Moreover, the different ways of talking about time are not coterminous in their applications beyond talk of time-relations. For a chief example, the B-series plays an important role in causal thinking, but the A-series does not. The causal relation is dynamic, takes place in or over time, but the temporal relations between causes and effects are strictly B-series (including ‘simultaneous’ in the series, convenient for cases where cause and effect are held to occur together).[10] What this shows is that the difference between the concepts in the two series does not demonstrate the ‘unreality of time’ as if ‘time’ denoted a postulated single something shown by these considerations to be non-existent, but rather the relation (to employ the toolkit metaphor again) of different tools: in this case, rather aptly, a spanner and a screwdriver – for they can be used together, a spanner holding a bolt firm as a screwdriver is used to insert a screw into it (e.g. the dependence of the A-series concepts on the B-series concepts: ‘present is later than past, earlier than future’), but each of them having independent uses besides (e g. A-series and change, B-series and causation. Note that causal events involve change, but statements about causal nexuses are about a change).
Another important consideration is the intimate connection between conceptions of space and time in which the latter depends in essentially metaphorical ways on the former. It is a commonplace that distances are expressible in temporal terms – ‘the airport is thirty minutes away’ – when citing the geographical distance alone has nugatory informative content, given that fifteen miles on a desert road and fifteen miles from a city centre to an airport are very different matters. The description of the distance as effective distance in the city context requires reference to time to be useful, while reference to time is inessential in the desert road case. Whereas here space is being described in temporal terms, the reverse occurs with complete generality in speaking of time intervals as lengths – ‘long’ and ‘short’ – and in inferring the significance of more explicit measures of time: one minute is a short period of time relative to a century, a long period of time in the dental chair.

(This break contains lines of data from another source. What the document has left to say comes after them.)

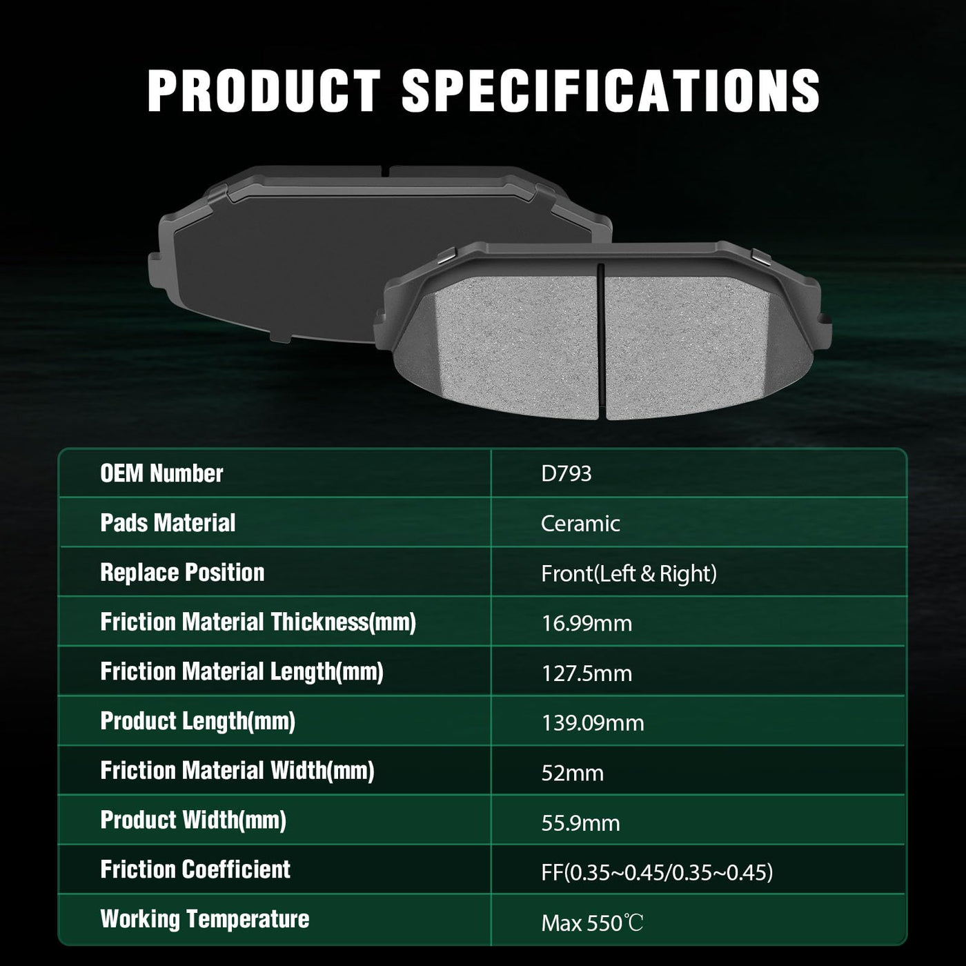 Fits:2001-2002 For Acura MDX 3.5L1999-2004 For Honda Odyssey 3.5LSpecifications:1)Placement on Vehicle: Front Left and Right2)Brake Pad Material: Ceramic3)OEM Part Numbers: ATD793C,D793-7663Package Including:4*Ceramic Disc Brake Pads Set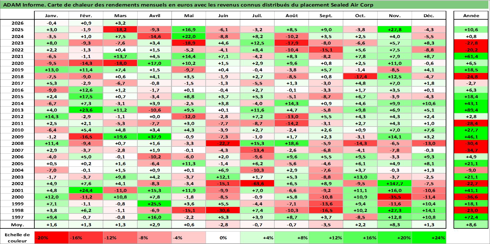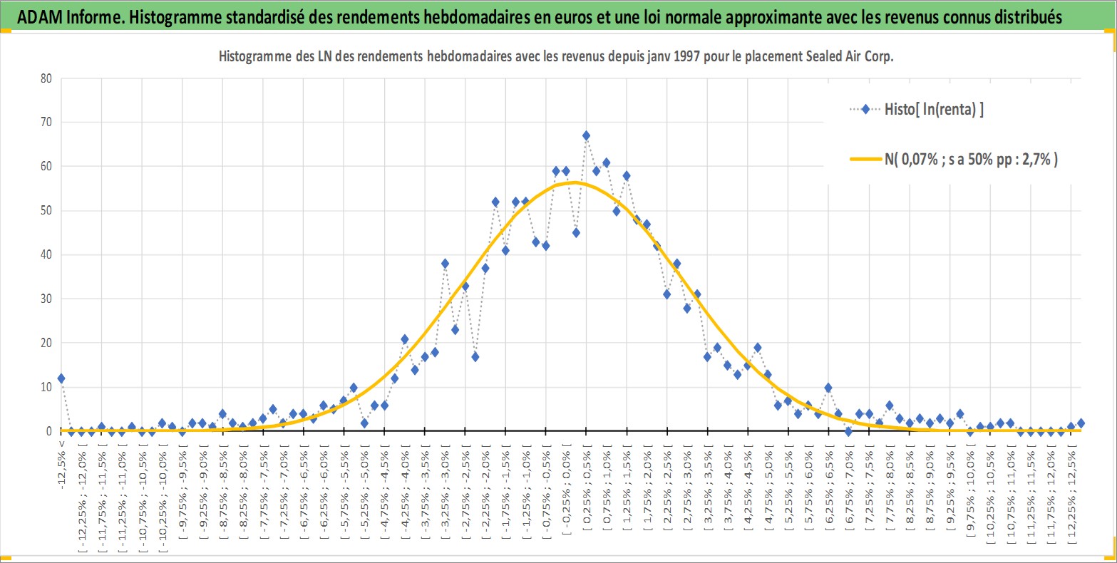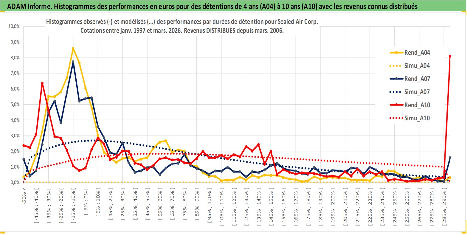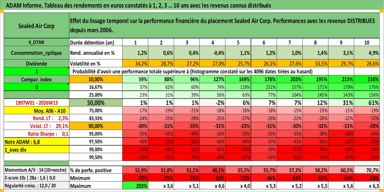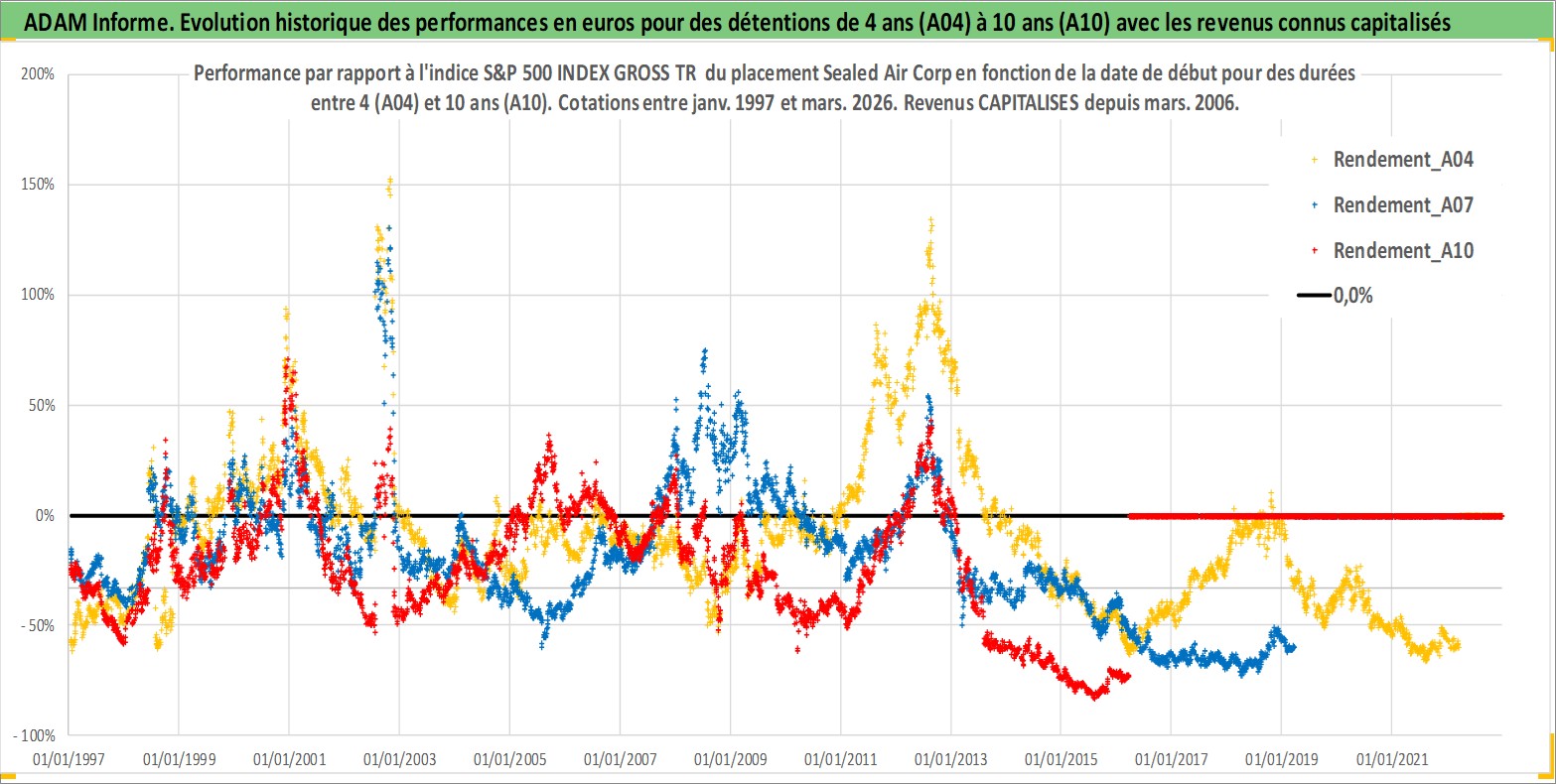 Site dédié aux investisseursPage dédiée sur site financeAnalyse des valorisations hebdomadaires de l'action Sealed Air Corp. Cet actif est cote en USD. Les valorisations sont en contrevaleur EURO et couvrent les semaines 1997W01 a 2026W13. Les revenus de cet actif financier sont pris en compte depuis la semaine 2006W09. La note globale ESG de cet actif est estimee a 10.0 (apres rebasage entre 0 et 20).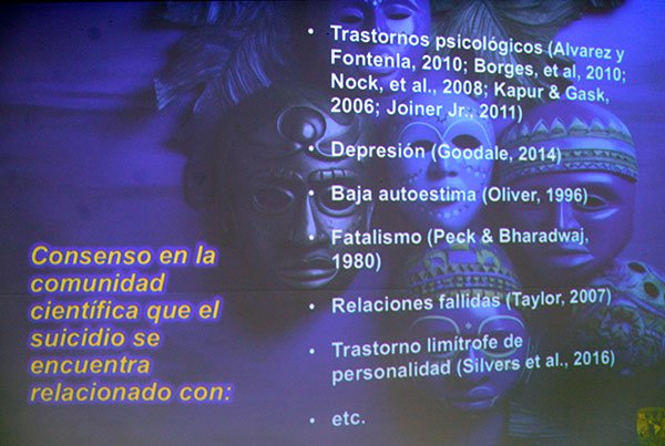 Al dictar la conferencia Suicidio: mitos y realidades, el especialista destacó que no obedece a un desorden psicológico, razón por la cual debe analizarse como parte de un entorno colectivo con historicidad e implicaciones éticas, políticas y sociales.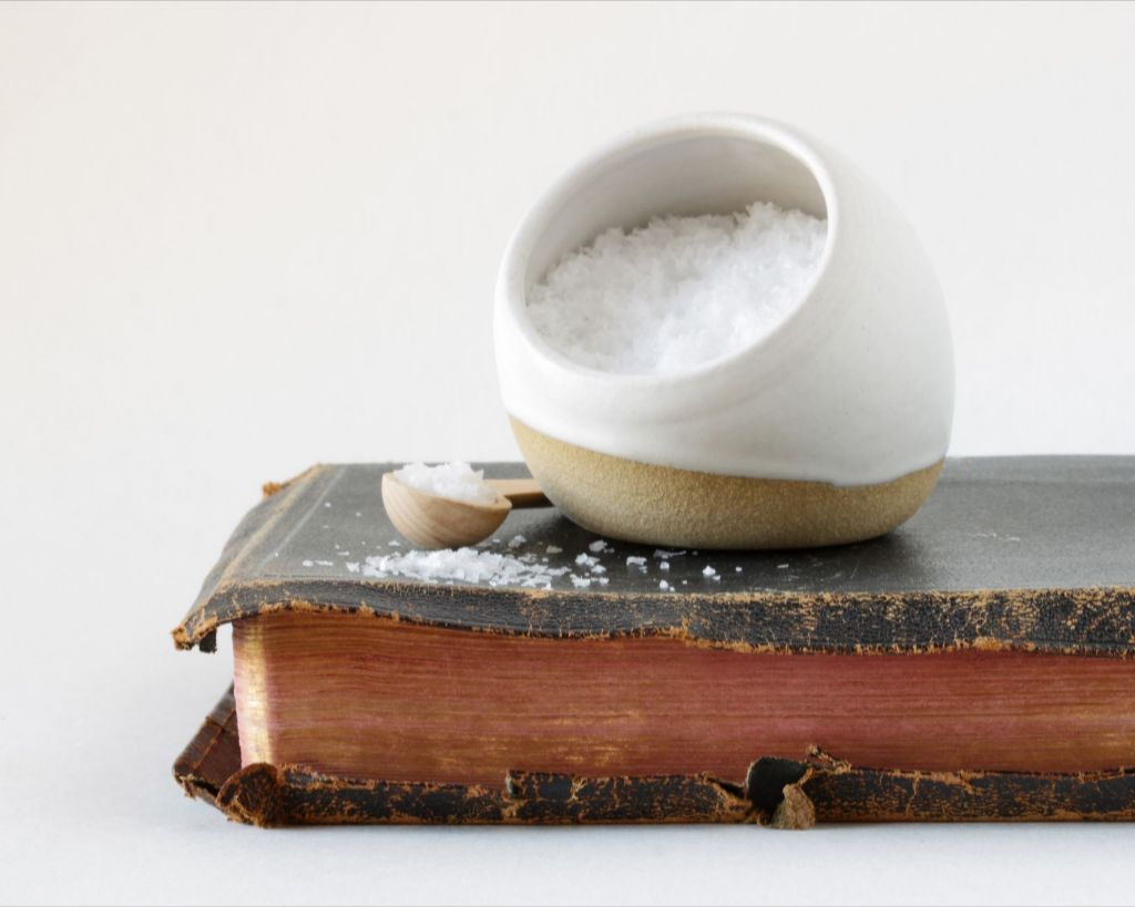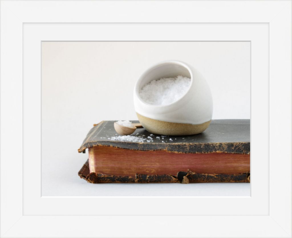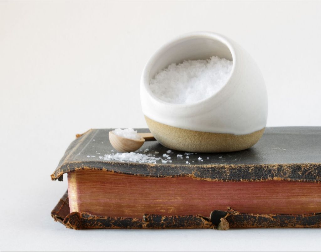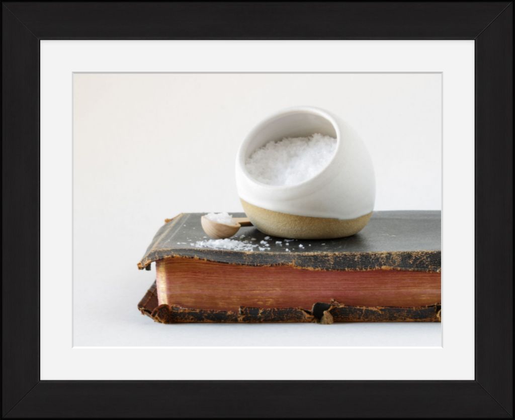 Objects in this photo: Heirloom family bible & hand made salt cellar from White Chapel Pottery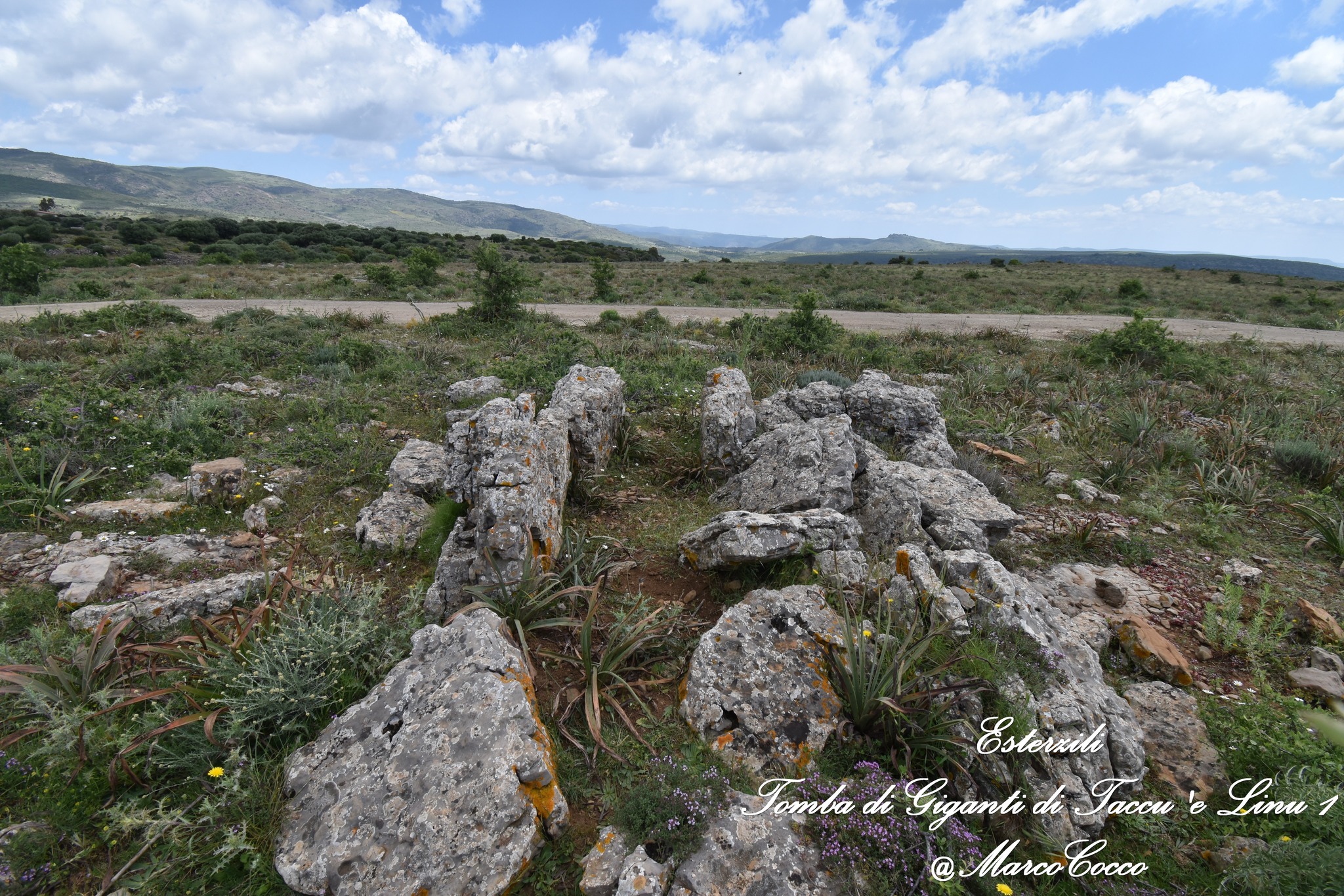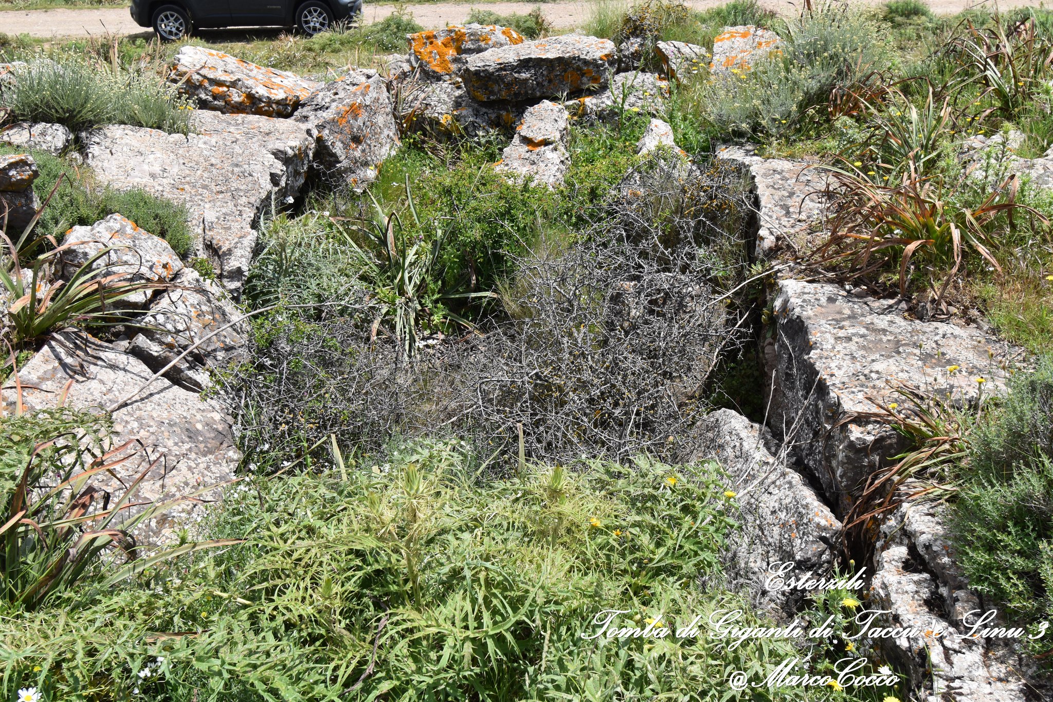 Le foto 1 e 2 riguardano la prima delle tre tombe, le foto 3,4 e 5 la Tomba 2 e le foto 6,7 e 8 la terza Tomba. Costruite sull’altipiano calcareo di Taccu e Linu, sono poste a circa 10 m di distanza l’una dall’altra, sono orientate a Sud-Est e variano come dimensione. Costruite con blocchi di roccia calcarea si presentato leggibili almeno per quanto riguarda il corridoio funerario.

The primary signification of ‘length’ is a spatial extent between points in space; in dictionary definitions – reports of usage – the application to time is pertinently given as secondary or derived. Moreover judgments of the length of periods of time turn on the idea of spatial occupancy; a period of time containing little individual incident is described on a line in a shorter message than one that describes on a line a period crammed with incident – for example: contrast accounts of the period from the beginning of settled agriculture in the Neolithic era, about 10,000 BCE, to the ‘rise of civilization’ in Sumer after 4000 BCE, with accounts of the period from the latter date to the Bronze Age Collapse in 1200 BCE. The message on a line representing the former period is very considerably shorter than that representing the latter period, for the reason that greatly more is known about the latter period. (Use of the term ‘message’ here borrows from discussions of the contrast between simplicity and complexity, in which the length of message is one way of distinguishing between the two.[11]) Visualise a timeline along which the segment lengths are proportional to the quantity of information available for each point; like one of those representations of the human body proportioned to the degree of sensitivity to the physical environment showing enormous hands and lips, the timeline would for some periods represent many centuries as a short segment and individual decades as very long, thus representing the way time is viewed – how history is experienced, one could say, consistently with both a Block and a Growing Block perspective on it – as a space occupied by events.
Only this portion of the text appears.